Methods Retrospective cohort study of migraine (G439 ICD-10-AM) between 2012–2016. Exclusion criteria included migraine without headache, other primary headaches and secondary headaches. Demographic and prescribing data were extracted from medical records. Proportions were calculated with 95% confidence intervals using Wilson’s method. Comparisons were made between groups using Mann-Whitney and Chi-square tests.
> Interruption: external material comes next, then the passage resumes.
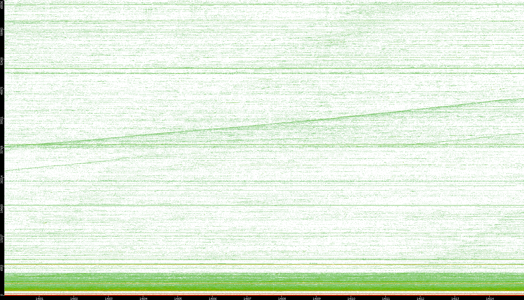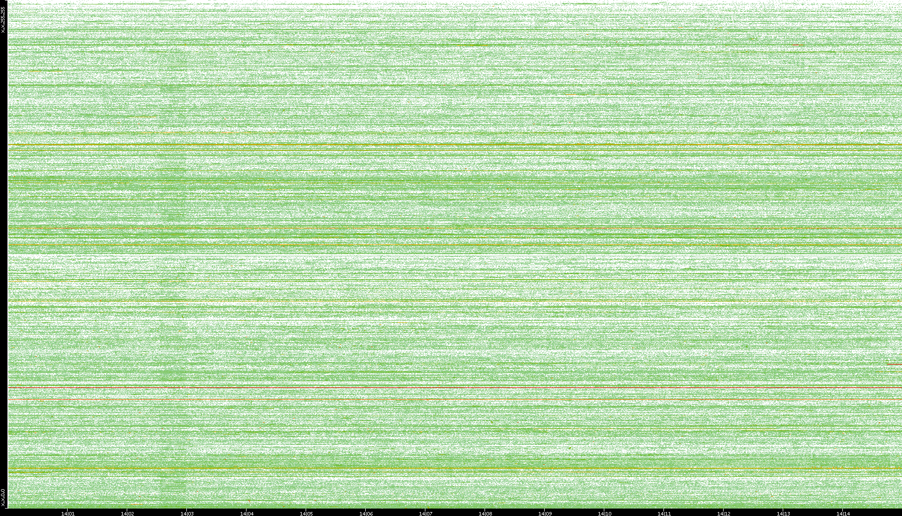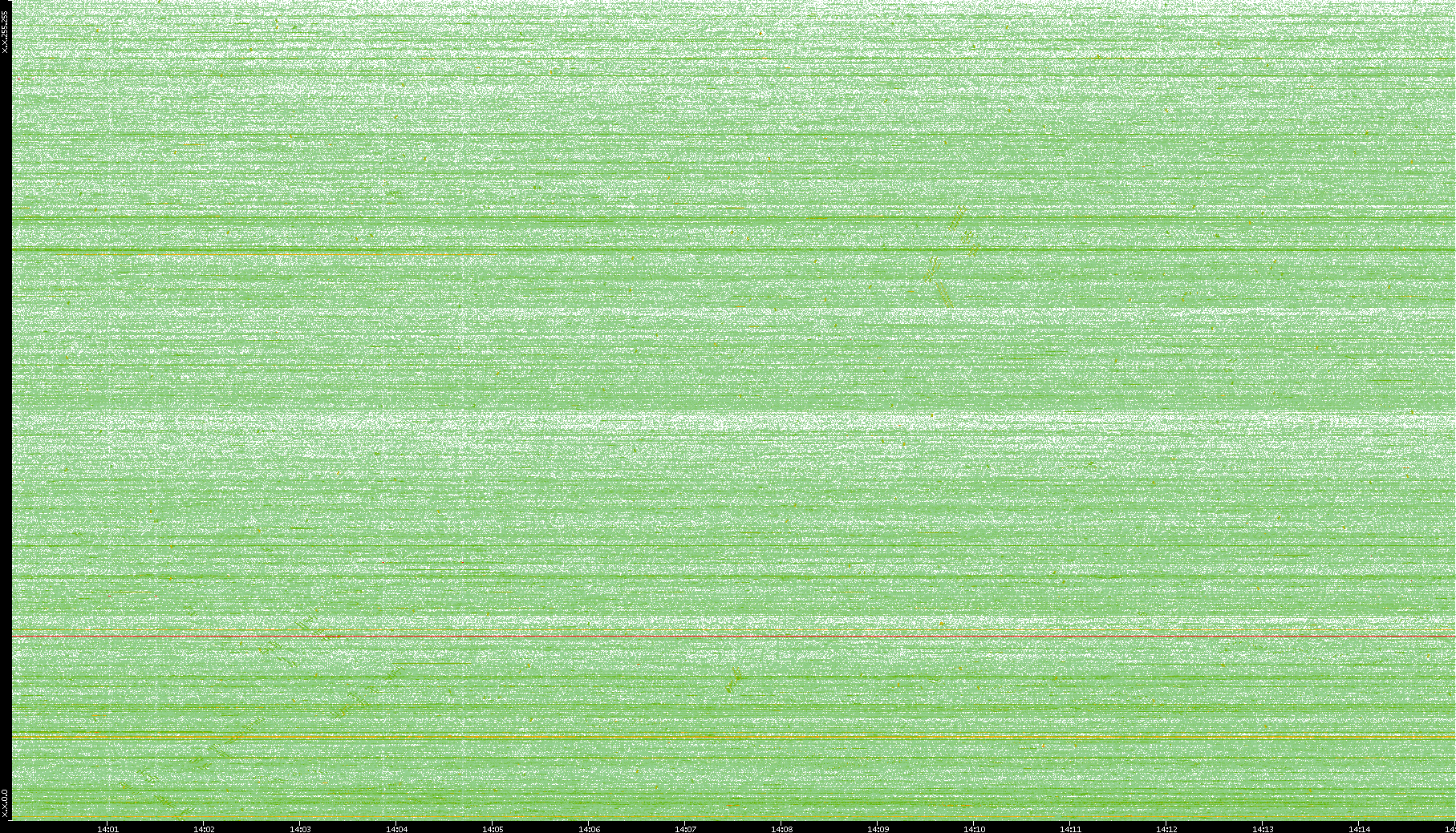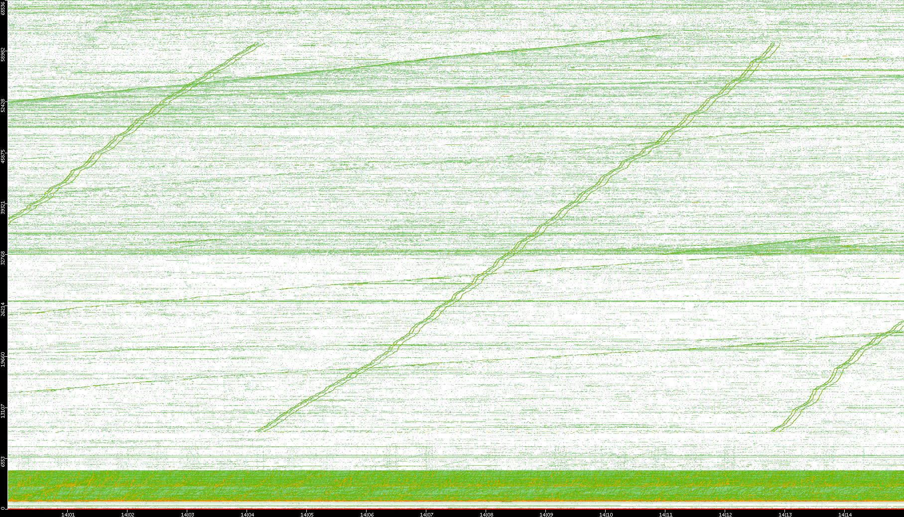 2004/05/14 Dest. IP vs. Time Dest. Port vs. Time Src. IP vs. Time Src. Port vs. Time Nb. of Packets vs. Time Throughput vs. Time Average Packet Size vs. Time Entropy of Port vs. Time

Results Of 214,932 ED presentations, 744 with headache presentation received a G439 diagnosis. Most were female (75%; 558/744), young (mean age 34±13 years) and self-reported migraine history (75%; 558/744). There were 55 different medications prescribed. Paracetamol was more frequently prescribed (52%; 385/744) than aspirin (10.6%; 78/744). Opioid prescription occurred in 46% (345/744), single opioid 36% (267/744),>1 opioid 10% (78/744). Median time-to-discharge was 38 min longer with opioid prescription compared with no opioid (222; IQR 164–309 vs 184; 122–258; p<0.01). Just 6.85% (51/744) received triptans. Other treatments were prochlorperazine (14%; 97/744), metoclopramide (38%; 286/744) and chlorpromazine (44%; 3 25/744). Overall, 25.4% (189/744) received no guideline-recommended medication.

Conclusion We observed considerable polypharmacy in ED migraine management with inconsistent prescribing patterns. Recommended medications are infrequently used. Opioid use is common and associated with increased time-to-discharge. Failure of ED staff to follow guidelines is unexplained, and requires further investigation.